BÜYÜKŞEHİR ALIM DESTEĞİNİ SÜRDÜRÜYOR
Bereketli toprakları ile tarımsal üretimde öncü bir kent olan Aydın’da çiftçilerle dayanışma içinde olan Aydın Büyükşehir Belediyesi, mahsulü tarlada kalma riski ile karşı karşıya olan çiftçilere alım desteğini sürdürüyor. Önceki yıllarda pek çok üründe yapılan alım desteği, çiftçinin yüzünü güldürmüş ve üretimde devam etmesini sağlamıştı. Ekonomide yaşanan zorluklar ile birlikte tüketicinin alım gücündeki düşüş, artan girdi maliyetleri ve benzer birçok neden üreticileri zorda bırakıyor.

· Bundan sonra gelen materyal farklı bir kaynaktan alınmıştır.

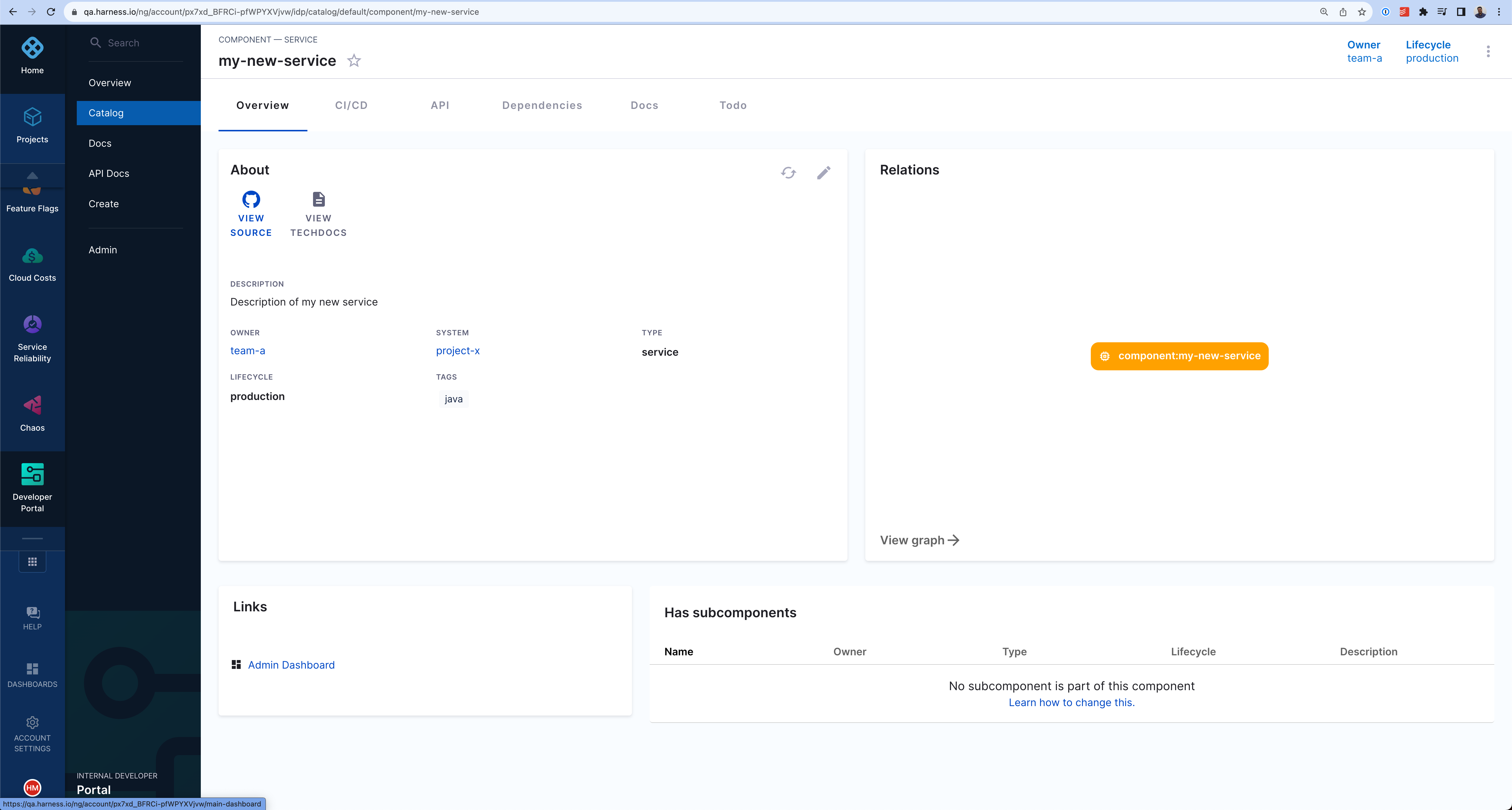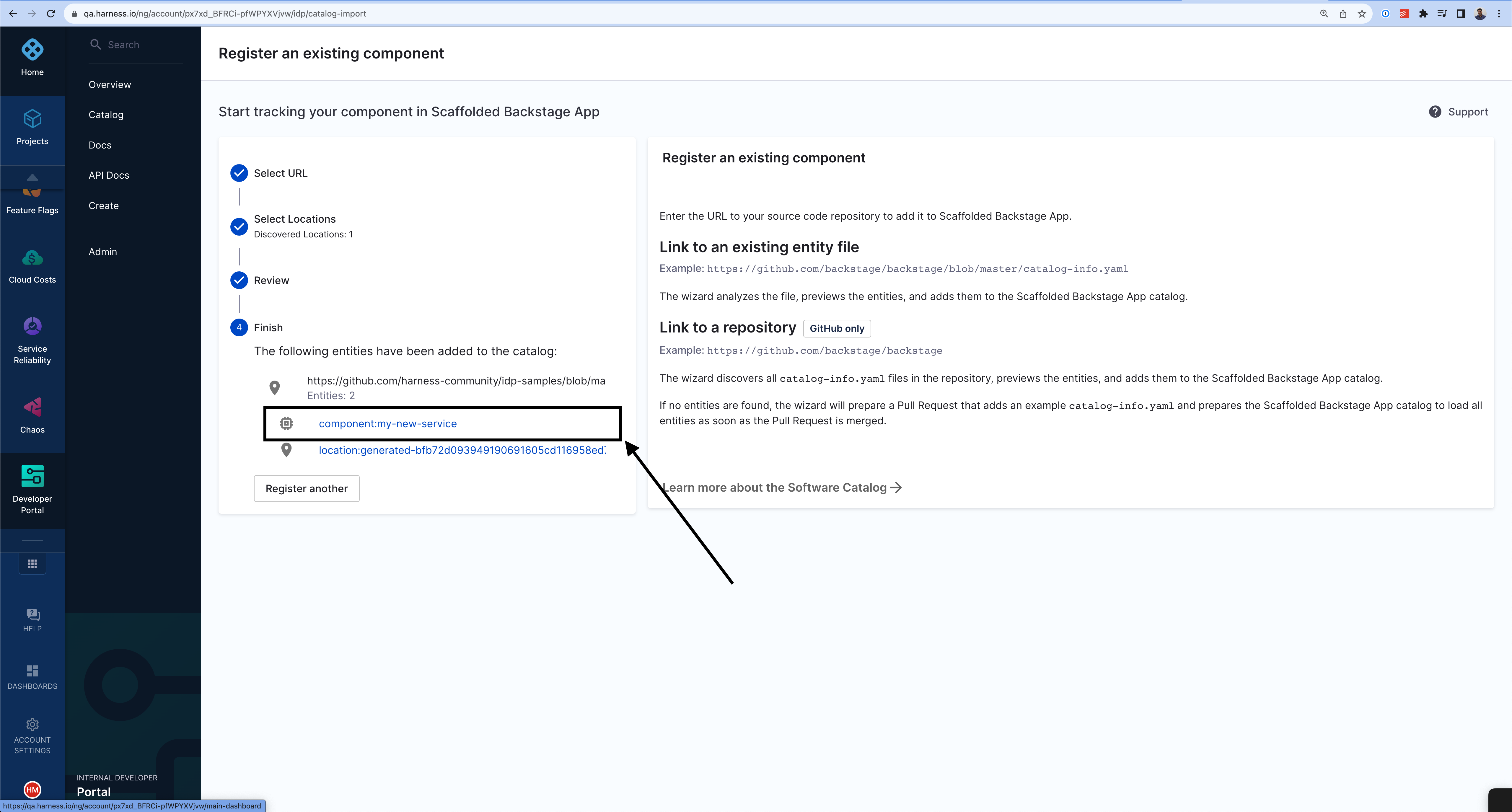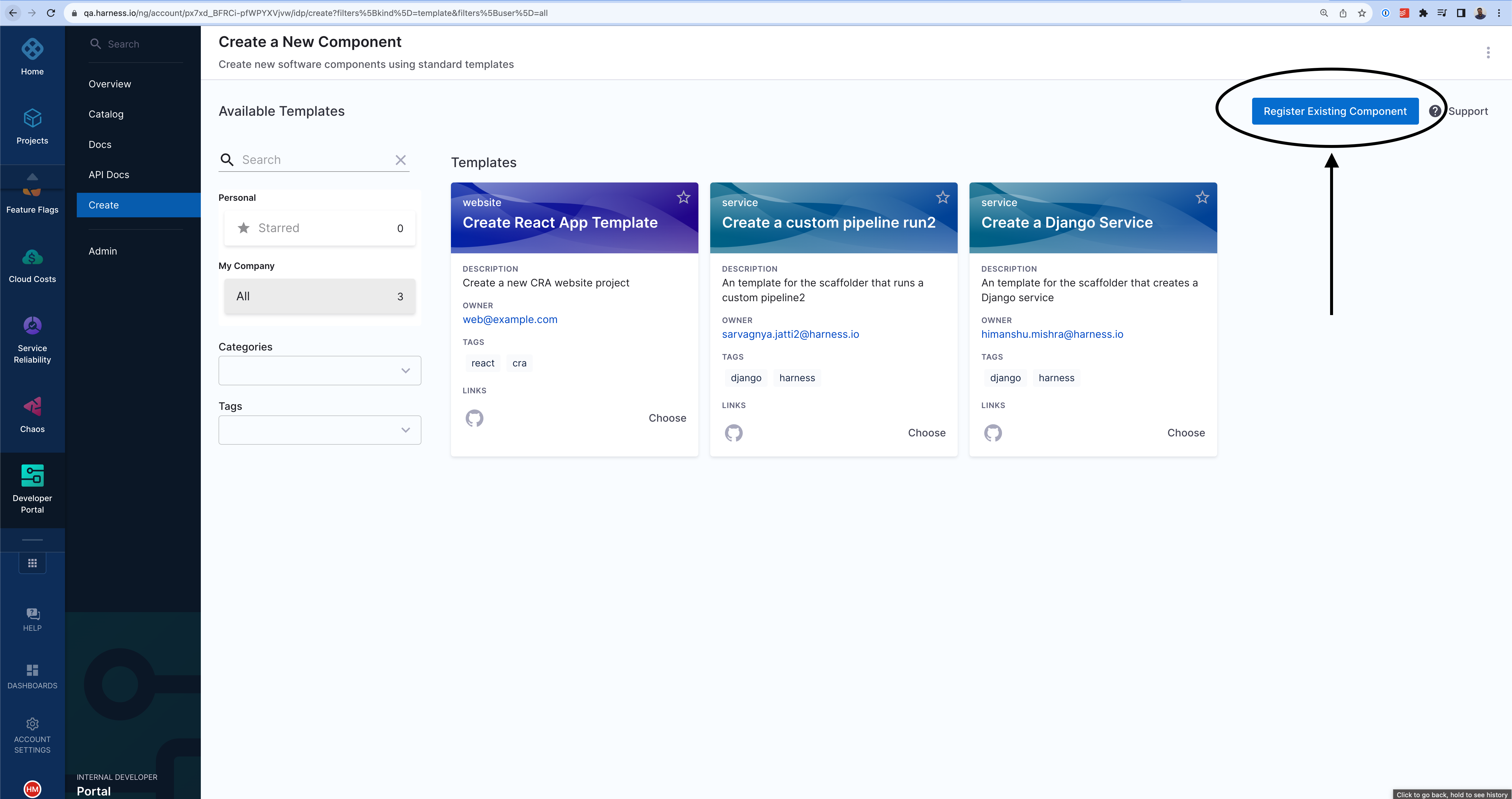 To register this component with Harness IDP, you'll need to submit this YAML file to the appropriate API endpoint or Register the existing component using UI.

Çiftçilerin bu süreçlerden yara almadan çıkmaları ve emeklerinin toprakta kalmaması için Aydın Büyükşehir Belediyesi’nin alım desteğinde bulunacağını belirten Başkan Özlem Çerçioğlu, önceki yıllarda farklı ürünlerde yapılan bu desteği marul üreticiliği yapan kadın girişimci Gülcan Altıner ile sürdürdü. Tarlada kalma riski ile karşı karşıya olan ürünleri alan Büyükşehir Belediyesi, bu ürünleri Sosyal Hizmetler Dairesi Başkanlığı’nca belirlenen ihtiyaç sahibi ailelere ücretsiz olarak dağıttı.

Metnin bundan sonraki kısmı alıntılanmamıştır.